Data under study —
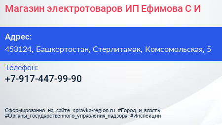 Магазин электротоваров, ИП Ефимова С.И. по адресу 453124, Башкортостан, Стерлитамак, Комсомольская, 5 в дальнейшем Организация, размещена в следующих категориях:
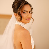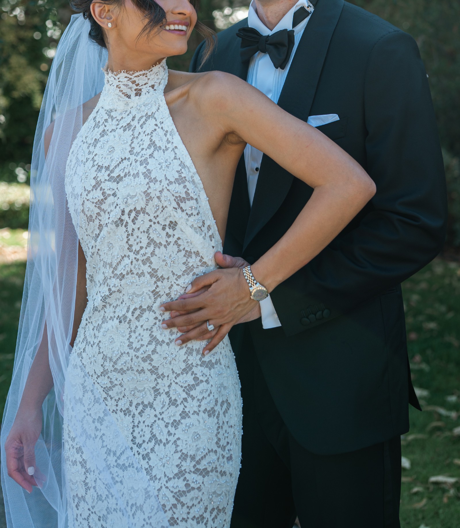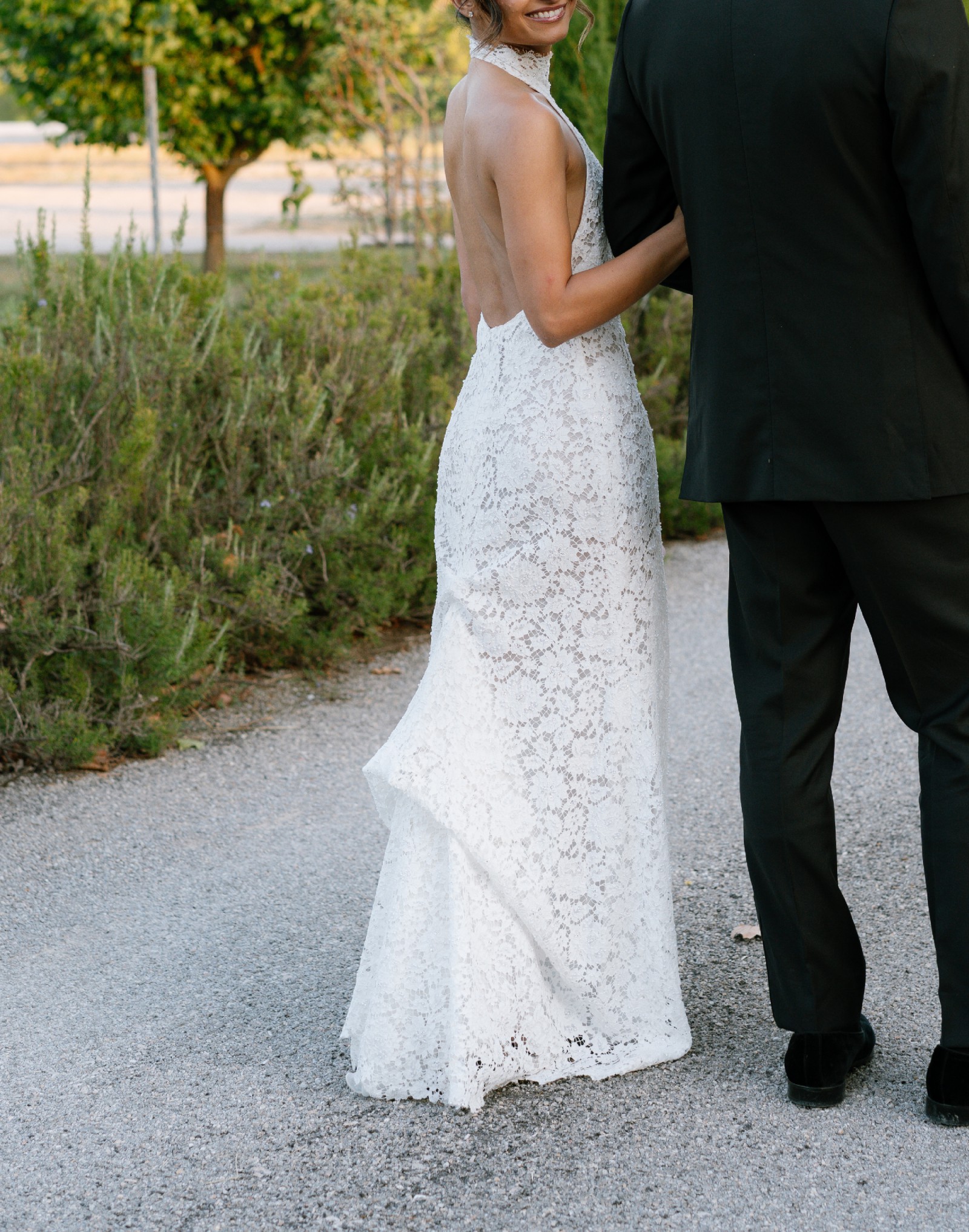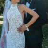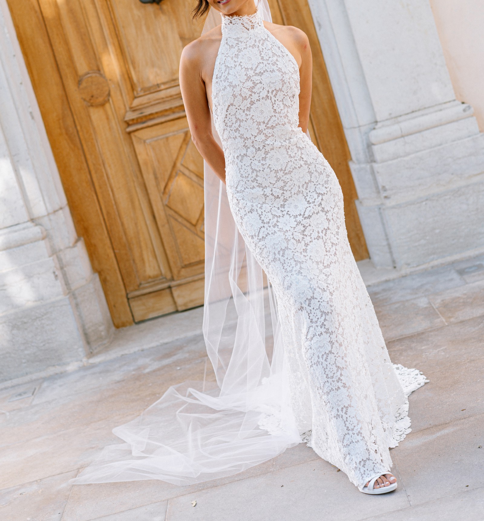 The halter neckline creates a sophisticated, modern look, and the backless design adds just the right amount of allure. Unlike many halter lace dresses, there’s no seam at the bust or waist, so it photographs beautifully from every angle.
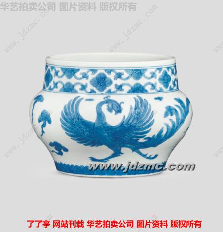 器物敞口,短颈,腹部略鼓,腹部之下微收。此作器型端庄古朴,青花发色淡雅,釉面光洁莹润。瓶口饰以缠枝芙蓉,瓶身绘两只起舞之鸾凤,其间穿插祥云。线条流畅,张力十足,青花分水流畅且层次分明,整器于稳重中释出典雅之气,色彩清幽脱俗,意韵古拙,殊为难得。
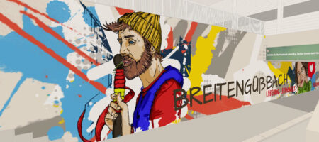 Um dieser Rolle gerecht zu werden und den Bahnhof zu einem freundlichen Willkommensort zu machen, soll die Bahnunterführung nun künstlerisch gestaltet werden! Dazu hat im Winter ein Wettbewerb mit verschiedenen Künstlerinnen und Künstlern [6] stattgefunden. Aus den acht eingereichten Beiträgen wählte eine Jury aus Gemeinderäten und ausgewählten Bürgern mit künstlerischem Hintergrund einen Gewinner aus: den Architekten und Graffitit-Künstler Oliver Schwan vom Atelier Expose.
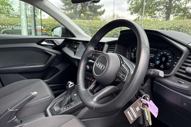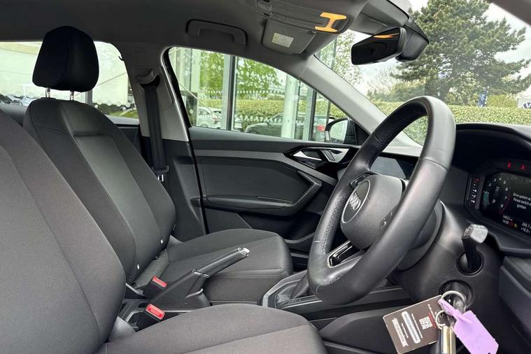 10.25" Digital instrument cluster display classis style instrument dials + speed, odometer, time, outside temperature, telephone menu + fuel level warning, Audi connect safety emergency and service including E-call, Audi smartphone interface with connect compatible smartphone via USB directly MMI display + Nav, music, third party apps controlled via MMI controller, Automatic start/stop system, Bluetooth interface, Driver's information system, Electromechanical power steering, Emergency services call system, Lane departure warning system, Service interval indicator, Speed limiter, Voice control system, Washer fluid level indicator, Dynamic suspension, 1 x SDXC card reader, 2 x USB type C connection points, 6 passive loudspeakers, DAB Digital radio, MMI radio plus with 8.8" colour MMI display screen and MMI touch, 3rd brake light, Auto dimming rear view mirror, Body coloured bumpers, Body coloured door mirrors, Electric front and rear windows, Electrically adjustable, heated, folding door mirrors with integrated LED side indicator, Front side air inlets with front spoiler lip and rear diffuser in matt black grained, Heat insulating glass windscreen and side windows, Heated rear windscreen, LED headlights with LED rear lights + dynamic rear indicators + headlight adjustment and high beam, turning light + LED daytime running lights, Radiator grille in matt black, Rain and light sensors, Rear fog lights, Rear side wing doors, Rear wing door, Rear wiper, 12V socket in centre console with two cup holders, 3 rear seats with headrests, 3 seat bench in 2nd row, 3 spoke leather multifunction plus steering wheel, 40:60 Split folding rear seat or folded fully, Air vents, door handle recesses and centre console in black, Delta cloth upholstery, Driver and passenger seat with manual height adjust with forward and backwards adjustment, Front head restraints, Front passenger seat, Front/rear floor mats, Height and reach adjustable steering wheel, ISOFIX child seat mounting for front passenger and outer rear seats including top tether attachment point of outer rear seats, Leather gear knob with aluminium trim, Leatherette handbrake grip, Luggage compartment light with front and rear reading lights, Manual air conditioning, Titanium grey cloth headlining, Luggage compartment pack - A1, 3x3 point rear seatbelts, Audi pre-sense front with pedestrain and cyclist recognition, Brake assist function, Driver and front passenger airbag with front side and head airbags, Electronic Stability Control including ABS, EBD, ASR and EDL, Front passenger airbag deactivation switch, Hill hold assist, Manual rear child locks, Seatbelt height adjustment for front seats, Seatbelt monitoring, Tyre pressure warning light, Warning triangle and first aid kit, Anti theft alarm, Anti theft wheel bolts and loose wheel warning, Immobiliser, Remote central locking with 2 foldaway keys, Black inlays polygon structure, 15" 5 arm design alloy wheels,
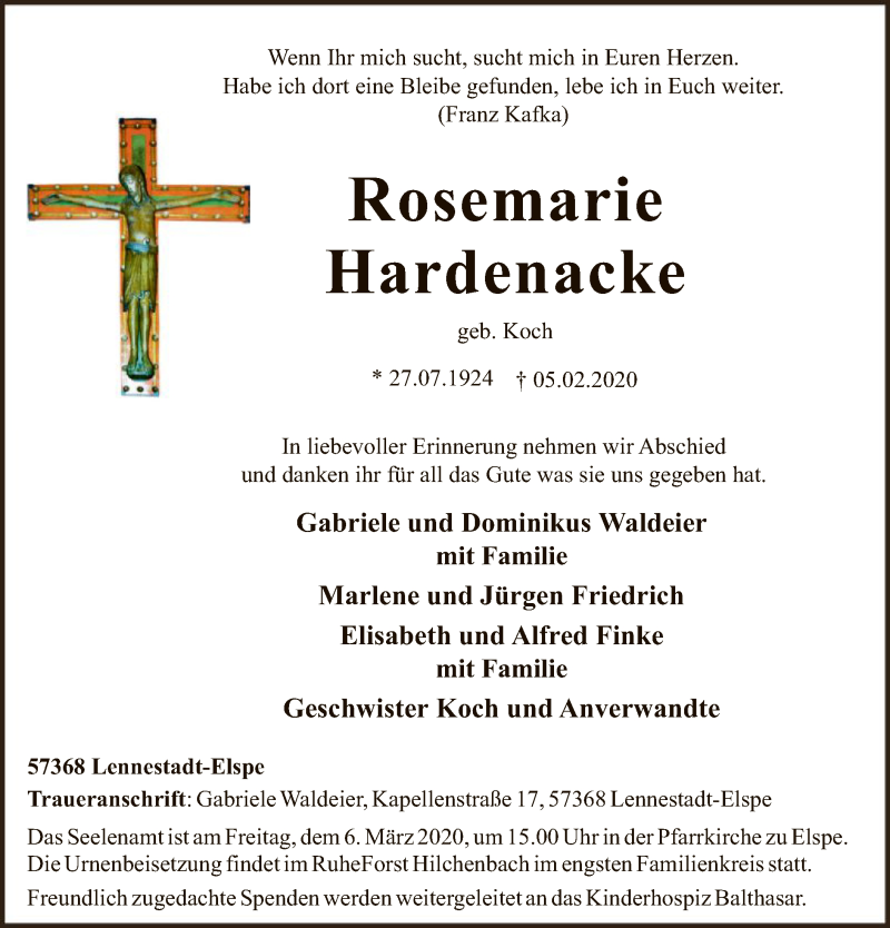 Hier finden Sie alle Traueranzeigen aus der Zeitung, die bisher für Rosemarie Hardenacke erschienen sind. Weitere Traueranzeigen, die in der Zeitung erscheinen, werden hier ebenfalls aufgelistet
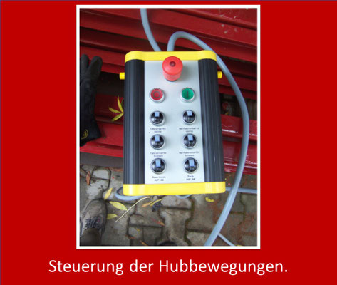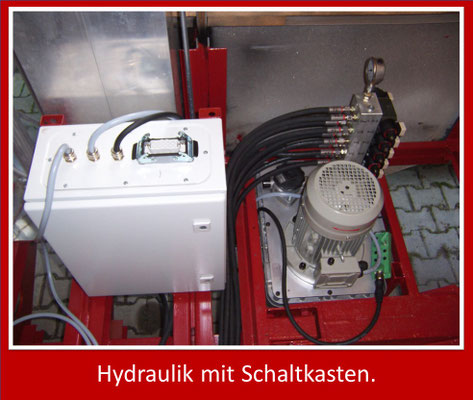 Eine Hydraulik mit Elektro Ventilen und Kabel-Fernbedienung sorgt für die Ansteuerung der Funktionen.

...

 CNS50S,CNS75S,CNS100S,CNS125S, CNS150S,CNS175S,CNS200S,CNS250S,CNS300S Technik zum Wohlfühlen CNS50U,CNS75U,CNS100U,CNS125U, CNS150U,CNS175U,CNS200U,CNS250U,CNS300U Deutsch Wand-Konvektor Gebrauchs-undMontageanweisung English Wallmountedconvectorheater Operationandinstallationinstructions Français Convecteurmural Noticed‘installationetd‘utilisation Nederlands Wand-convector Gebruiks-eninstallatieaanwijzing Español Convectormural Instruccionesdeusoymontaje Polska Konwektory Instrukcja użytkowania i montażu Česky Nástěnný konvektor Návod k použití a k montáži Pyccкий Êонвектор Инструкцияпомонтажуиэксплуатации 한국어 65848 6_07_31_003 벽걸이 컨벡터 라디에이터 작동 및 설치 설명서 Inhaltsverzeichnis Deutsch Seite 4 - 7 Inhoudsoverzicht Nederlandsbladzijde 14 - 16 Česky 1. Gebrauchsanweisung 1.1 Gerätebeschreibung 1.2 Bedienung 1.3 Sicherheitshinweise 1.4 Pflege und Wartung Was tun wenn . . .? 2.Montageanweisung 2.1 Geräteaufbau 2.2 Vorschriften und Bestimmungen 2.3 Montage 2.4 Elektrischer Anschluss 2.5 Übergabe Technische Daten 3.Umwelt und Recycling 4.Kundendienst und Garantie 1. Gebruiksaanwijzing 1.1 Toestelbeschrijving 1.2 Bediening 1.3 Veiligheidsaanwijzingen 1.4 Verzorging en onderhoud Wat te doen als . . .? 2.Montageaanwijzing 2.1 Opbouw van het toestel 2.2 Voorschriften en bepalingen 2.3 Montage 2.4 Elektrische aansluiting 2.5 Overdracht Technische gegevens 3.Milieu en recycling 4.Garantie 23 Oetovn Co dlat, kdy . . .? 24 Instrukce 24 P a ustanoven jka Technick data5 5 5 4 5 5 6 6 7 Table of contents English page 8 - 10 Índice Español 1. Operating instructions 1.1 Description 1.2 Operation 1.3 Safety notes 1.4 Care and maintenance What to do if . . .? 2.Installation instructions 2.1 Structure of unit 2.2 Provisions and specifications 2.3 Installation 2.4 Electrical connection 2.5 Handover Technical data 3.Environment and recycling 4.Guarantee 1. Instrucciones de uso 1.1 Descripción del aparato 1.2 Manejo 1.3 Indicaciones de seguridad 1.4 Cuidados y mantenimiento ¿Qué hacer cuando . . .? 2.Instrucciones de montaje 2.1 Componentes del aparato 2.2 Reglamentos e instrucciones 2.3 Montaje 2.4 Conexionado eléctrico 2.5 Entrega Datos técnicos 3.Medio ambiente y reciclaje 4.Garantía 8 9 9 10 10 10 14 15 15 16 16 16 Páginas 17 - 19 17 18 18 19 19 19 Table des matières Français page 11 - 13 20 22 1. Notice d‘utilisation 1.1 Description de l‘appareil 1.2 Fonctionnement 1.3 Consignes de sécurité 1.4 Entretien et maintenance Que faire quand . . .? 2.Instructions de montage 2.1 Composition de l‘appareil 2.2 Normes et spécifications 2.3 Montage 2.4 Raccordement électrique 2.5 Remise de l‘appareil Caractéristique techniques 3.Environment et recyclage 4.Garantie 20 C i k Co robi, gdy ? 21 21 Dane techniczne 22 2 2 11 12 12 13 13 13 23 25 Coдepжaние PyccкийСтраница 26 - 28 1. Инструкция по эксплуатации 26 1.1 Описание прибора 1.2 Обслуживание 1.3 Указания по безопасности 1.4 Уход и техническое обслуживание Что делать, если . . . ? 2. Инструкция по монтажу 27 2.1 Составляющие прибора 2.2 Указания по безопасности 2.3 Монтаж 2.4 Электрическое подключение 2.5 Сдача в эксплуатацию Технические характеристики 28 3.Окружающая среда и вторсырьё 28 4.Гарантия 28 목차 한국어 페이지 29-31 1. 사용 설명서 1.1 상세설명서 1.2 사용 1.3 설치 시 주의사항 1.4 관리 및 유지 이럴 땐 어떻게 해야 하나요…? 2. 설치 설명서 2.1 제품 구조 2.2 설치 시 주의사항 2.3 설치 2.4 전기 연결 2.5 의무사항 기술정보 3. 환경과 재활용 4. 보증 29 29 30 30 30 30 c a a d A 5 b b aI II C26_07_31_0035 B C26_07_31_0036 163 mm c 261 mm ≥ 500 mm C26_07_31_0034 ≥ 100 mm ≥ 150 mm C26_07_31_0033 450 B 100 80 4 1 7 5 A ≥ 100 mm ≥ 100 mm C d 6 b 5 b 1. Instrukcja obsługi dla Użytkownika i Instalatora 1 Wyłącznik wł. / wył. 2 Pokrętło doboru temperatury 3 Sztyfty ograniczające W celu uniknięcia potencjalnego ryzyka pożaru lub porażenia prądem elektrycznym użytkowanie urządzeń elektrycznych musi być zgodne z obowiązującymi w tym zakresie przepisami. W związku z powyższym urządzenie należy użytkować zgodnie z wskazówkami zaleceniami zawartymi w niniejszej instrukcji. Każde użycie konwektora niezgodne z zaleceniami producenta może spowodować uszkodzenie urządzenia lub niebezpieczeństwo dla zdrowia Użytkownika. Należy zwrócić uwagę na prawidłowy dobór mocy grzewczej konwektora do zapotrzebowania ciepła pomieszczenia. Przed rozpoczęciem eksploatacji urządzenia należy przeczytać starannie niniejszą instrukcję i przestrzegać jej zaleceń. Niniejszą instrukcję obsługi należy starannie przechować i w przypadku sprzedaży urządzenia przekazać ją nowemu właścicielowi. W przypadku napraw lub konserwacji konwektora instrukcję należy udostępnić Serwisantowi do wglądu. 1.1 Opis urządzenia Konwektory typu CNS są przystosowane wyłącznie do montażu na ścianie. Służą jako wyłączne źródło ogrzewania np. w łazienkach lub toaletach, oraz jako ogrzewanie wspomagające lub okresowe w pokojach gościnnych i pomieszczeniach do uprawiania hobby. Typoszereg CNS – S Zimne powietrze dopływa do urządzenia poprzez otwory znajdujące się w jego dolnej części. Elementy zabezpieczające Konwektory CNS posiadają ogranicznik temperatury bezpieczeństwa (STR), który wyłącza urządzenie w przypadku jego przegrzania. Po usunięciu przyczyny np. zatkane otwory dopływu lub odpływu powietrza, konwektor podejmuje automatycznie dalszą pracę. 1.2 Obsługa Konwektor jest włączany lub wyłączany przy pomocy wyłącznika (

...

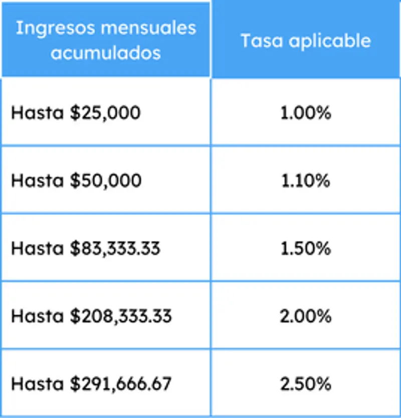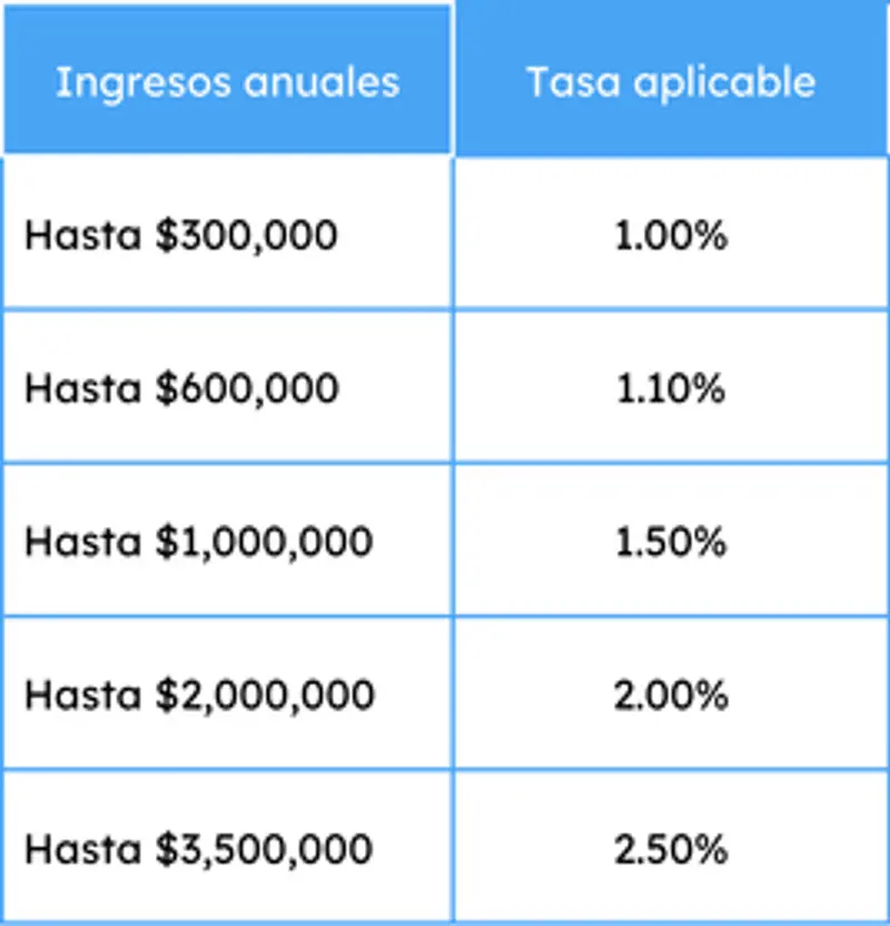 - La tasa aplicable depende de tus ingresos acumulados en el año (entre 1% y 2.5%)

Try it —
Please set down, exactly and with no pictures, the lines in the entries above starting at the one holding "器物敞口,短颈,腹部略鼓,腹" and ending at the one holding "Um dieser Rolle", ends included.

Written answer —
 器物敞口,短颈,腹部略鼓,腹部之下微收。此作器型端庄古朴,青花发色淡雅,釉面光洁莹润。瓶口饰以缠枝芙蓉,瓶身绘两只起舞之鸾凤,其间穿插祥云。线条流畅,张力十足,青花分水流畅且层次分明,整器于稳重中释出典雅之气,色彩清幽脱俗,意韵古拙,殊为难得。
 Um dieser Rolle gerecht zu werden und den Bahnhof zu einem freundlichen Willkommensort zu machen, soll die Bahnunterführung nun künstlerisch gestaltet werden! Dazu hat im Winter ein Wettbewerb mit verschiedenen Künstlerinnen und Künstlern [6] stattgefunden. Aus den acht eingereichten Beiträgen wählte eine Jury aus Gemeinderäten und ausgewählten Bürgern mit künstlerischem Hintergrund einen Gewinner aus: den Architekten und Graffitit-Künstler Oliver Schwan vom Atelier Expose.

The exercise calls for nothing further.